_Records from a collection_
──────────────────────────────
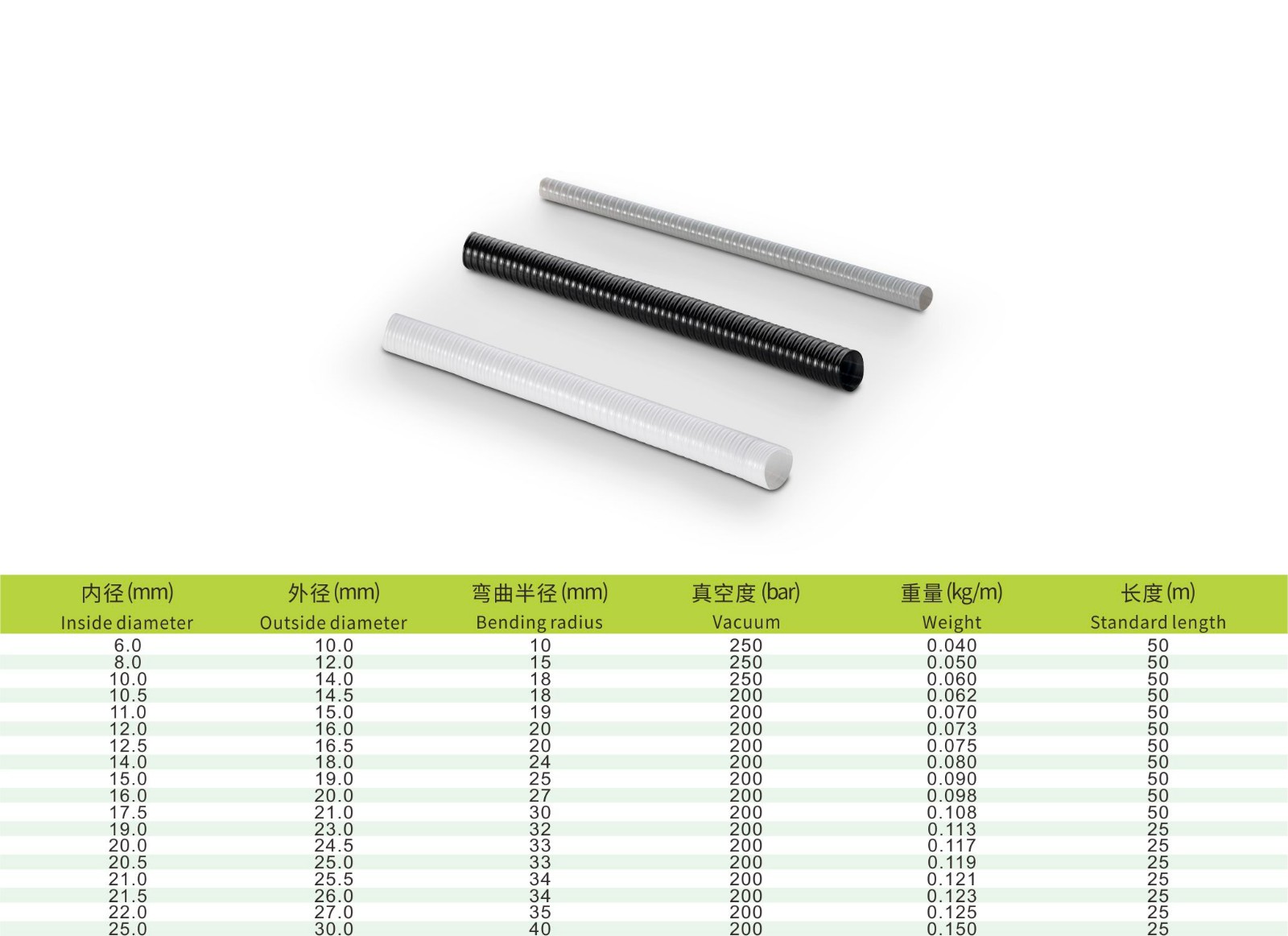 双层管壁,轻且弯曲非常灵活的PVC软管,内外壁平滑,两个PP丝螺旋加强且轴向有纱线进行加强。
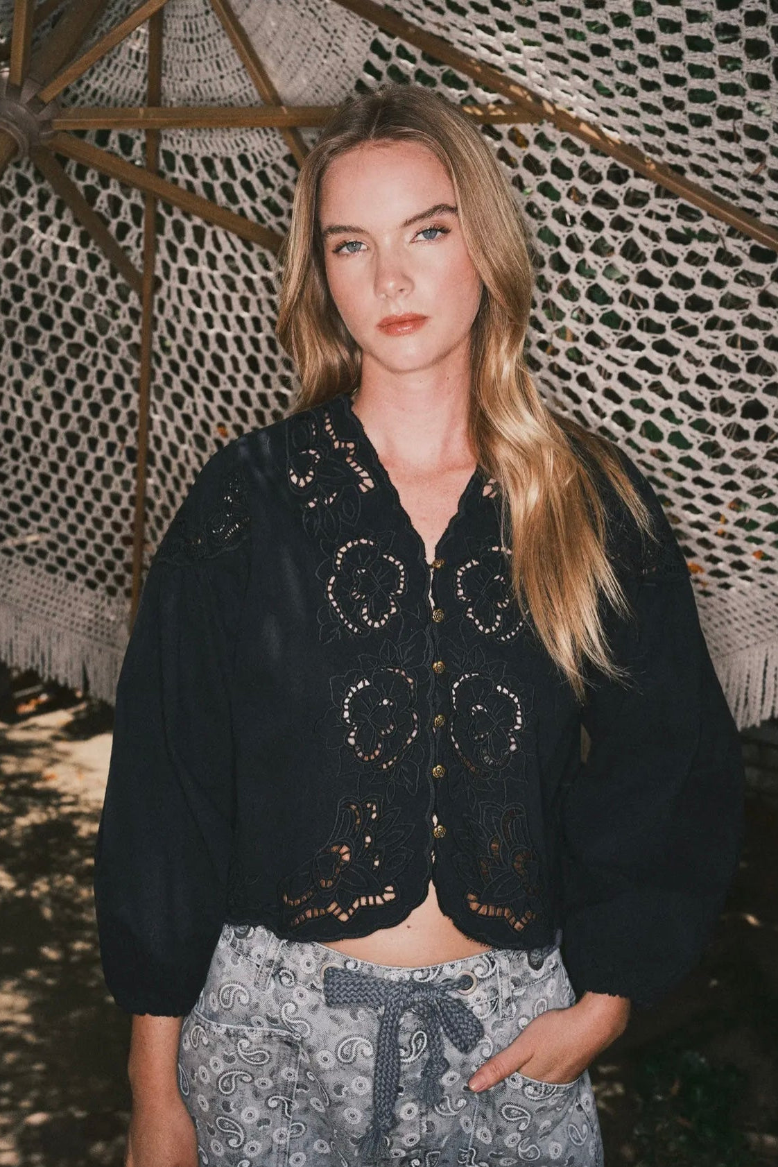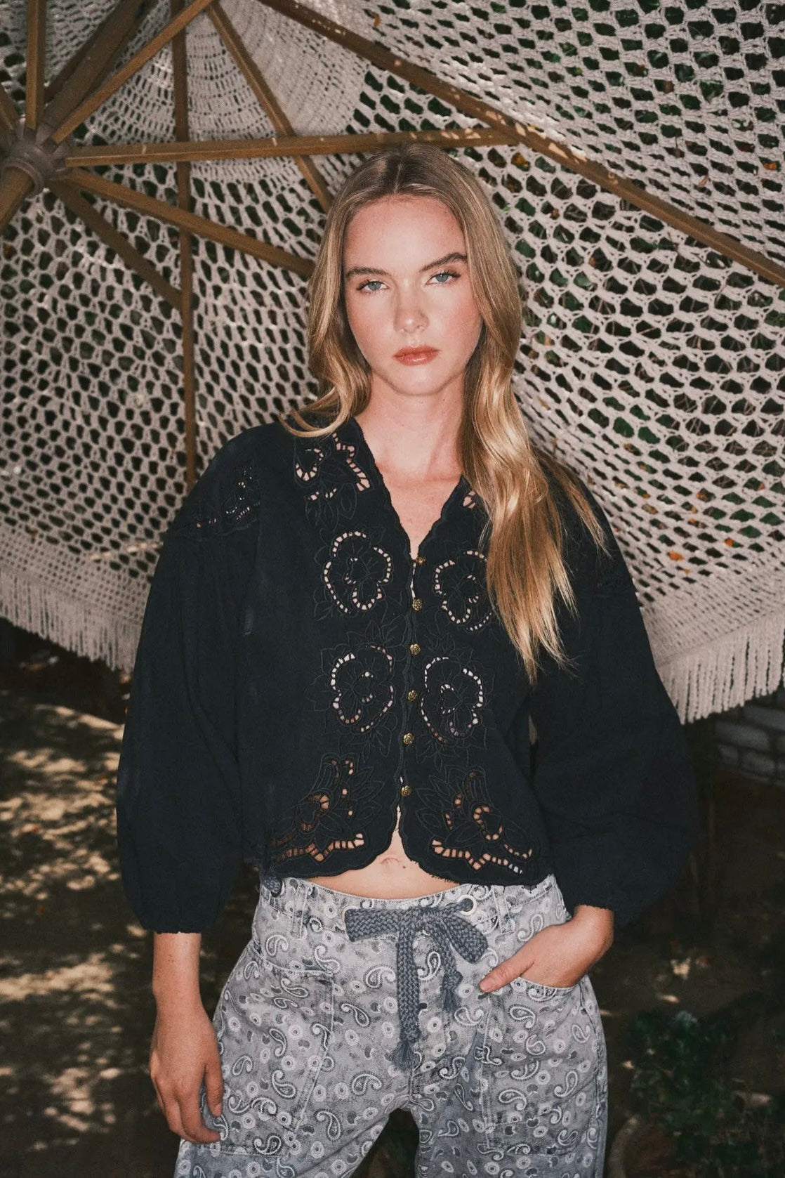 April says: I am 5'3", weigh 125 pounds, wear a 36 B bra, and I wear a small in this top. It hits right at the top of my jeans. The embroidery and lace designs are intricate and stunning- you will get compliments on this top!
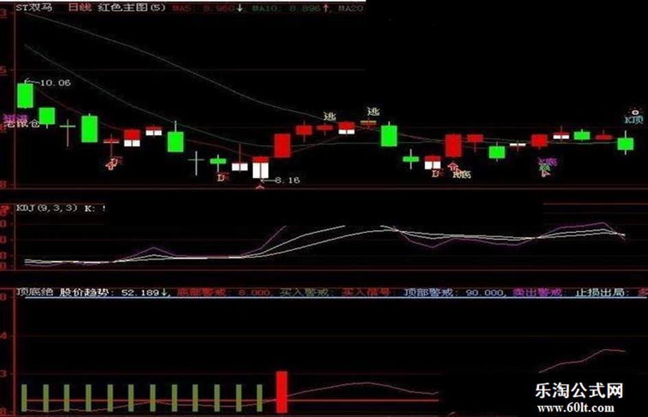 DRAWTEXT(FILTER(D2>0,5),H*1.03,'K顶'),COLORf0f000;{KDJ顶背离}
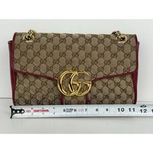 Gucci GG Marmont Monogram Matelassé Diagonal Shoulder Bag Beige and Red
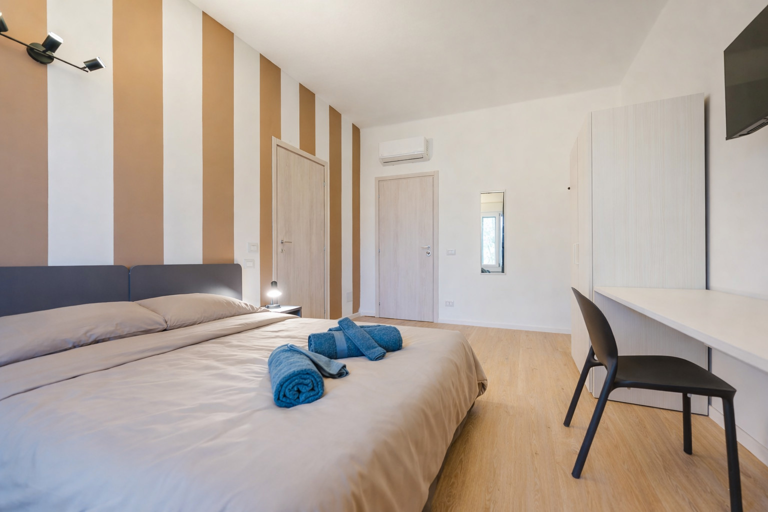 La habitación cuenta con cama doble, Smart TV, escritorio, climatización independiente frío/calor y ventanas con aislamiento termoacústico.
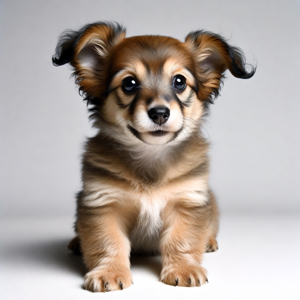 adorable dog, animal, big eyes, brown fur, cute puppy, dog, fluffy dog, fox-like dog, furry, happy puppy, isolated background, long ears, paws, pet, sitting puppy, small dog, young puppy, puppy
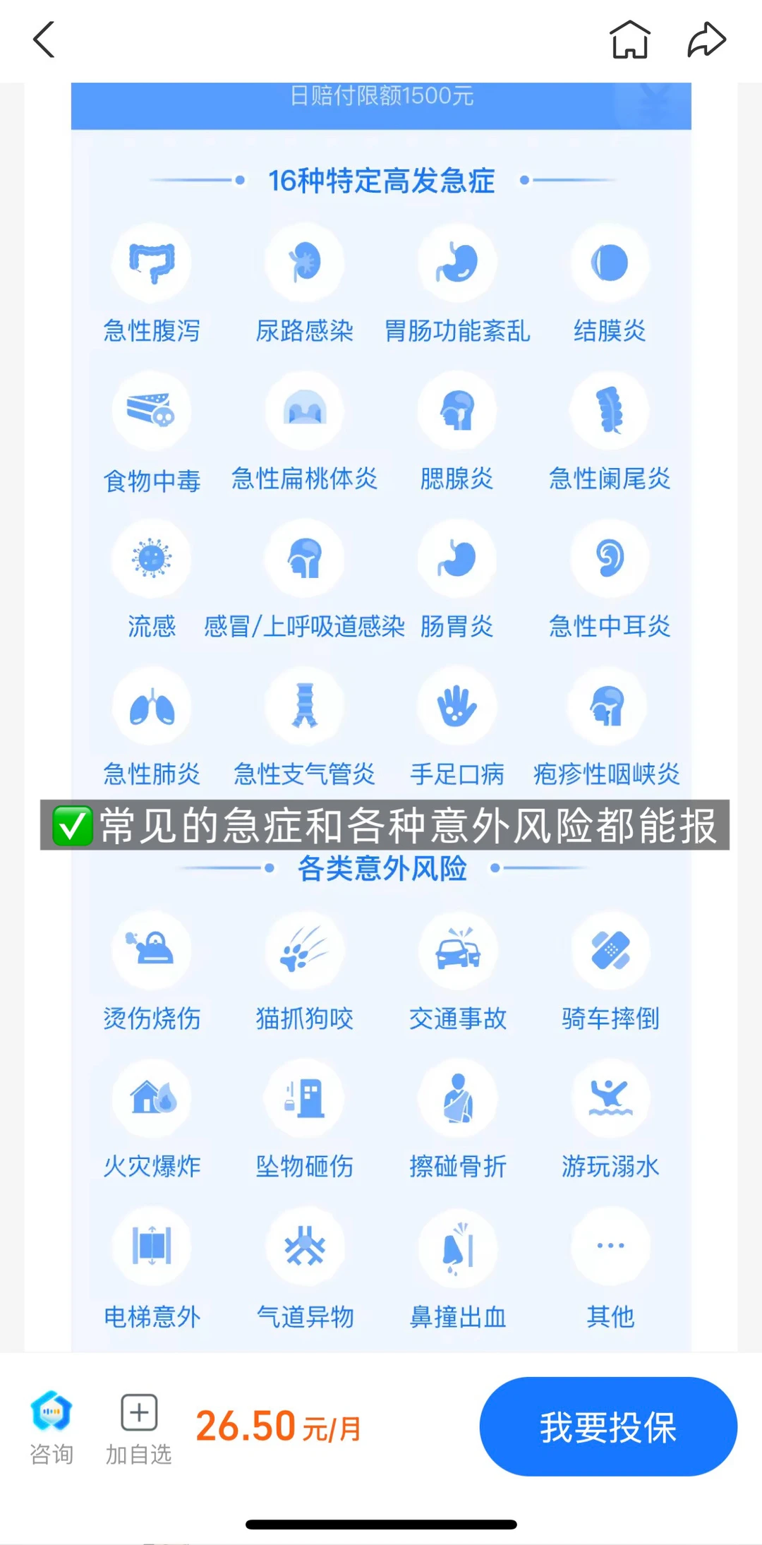 常见急症比如感冒、肠胃炎都能报,各种意外风险比如骑车摔倒也能报,按80%比例报销;一般疾病门急诊,比如皮肤敏感、鼻炎等,按50%比例报销。
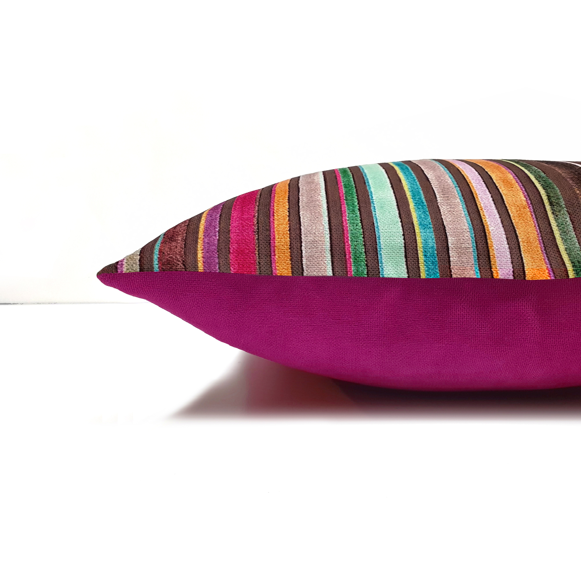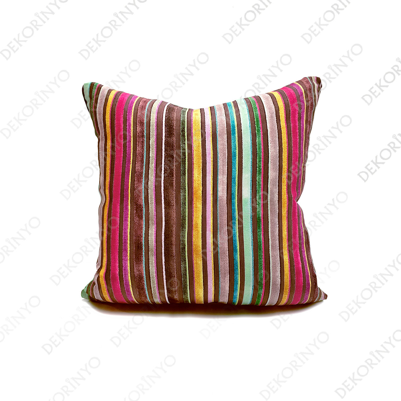 Kadife Görünümlü Renkli Çizgili Kırlent
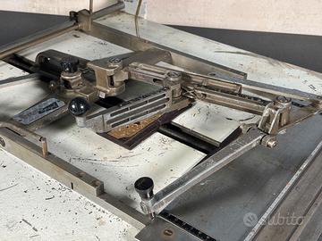 Vendo stazione pantografica Gravograph K2 con base allungata (fino a 60cm), ideale per incisione di targhe e placche di medio–grandi dimensioni. Dotato di mandrino motorizzato 70W (230V), bracci articolati con scale graduate, tavola scorrevole e staffe regolabili.
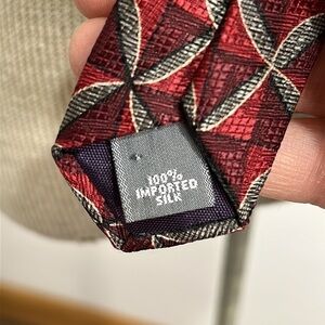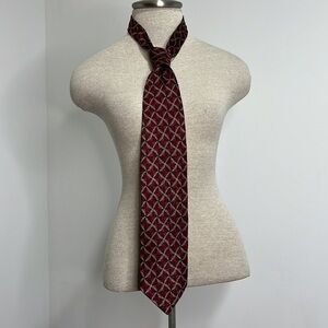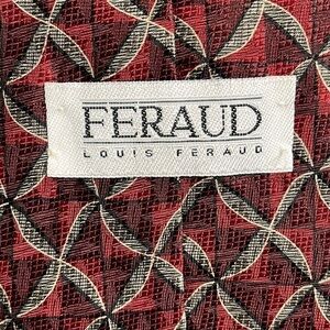 Louis Feraud Men’s Tie Red Black Gray Pinwheel Check Print Necktie
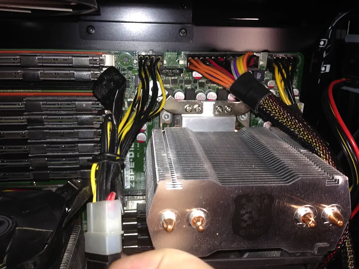 объясню на пальцах проблему с БП, у вас один проц запитан через молекс, молекс рассчитан на максимальный ток в 11А(ампер), что означает 132 ватта мощности, у вашего проца тдп 95 ватт, плюс VRM имеет не 100% кпд, значит мощности нужно больше. В 8пиновом разъеме стоят контакты по 8 ампер, то есть суммарная пропускная способность на 4 линии по 12 вольт 32 ампера то есть 384 ватта, как вы думаете, если производитель заложил эту мощность то зачем? Вполне возможно , что у вас уже начали подгорать контакты. Если навешать тройников на розетку и подключить слишком высокую мощность, то у вас вышибет пробки, или случится пожар. Проверять ОЗУ и все остальное пока не замените БП бессмысленно. Кстати эти платы начали выпускать 10 лет назад, и я бы действительно проверил термопасту под радиаторами мостов.
──────────────────────────────
_ASSIGNMENT_
Leave out the pictures and return, exactly as written, only the lines from the line with "Louis Feraud Men’s" through the end of the records above.

_WRITTEN ANSWER_
 Louis Feraud Men’s Tie Red Black Gray Pinwheel Check Print Necktie
 объясню на пальцах проблему с БП, у вас один проц запитан через молекс, молекс рассчитан на максимальный ток в 11А(ампер), что означает 132 ватта мощности, у вашего проца тдп 95 ватт, плюс VRM имеет не 100% кпд, значит мощности нужно больше. В 8пиновом разъеме стоят контакты по 8 ампер, то есть суммарная пропускная способность на 4 линии по 12 вольт 32 ампера то есть 384 ватта, как вы думаете, если производитель заложил эту мощность то зачем? Вполне возможно , что у вас уже начали подгорать контакты. Если навешать тройников на розетку и подключить слишком высокую мощность, то у вас вышибет пробки, или случится пожар. Проверять ОЗУ и все остальное пока не замените БП бессмысленно. Кстати эти платы начали выпускать 10 лет назад, и я бы действительно проверил термопасту под радиаторами мостов.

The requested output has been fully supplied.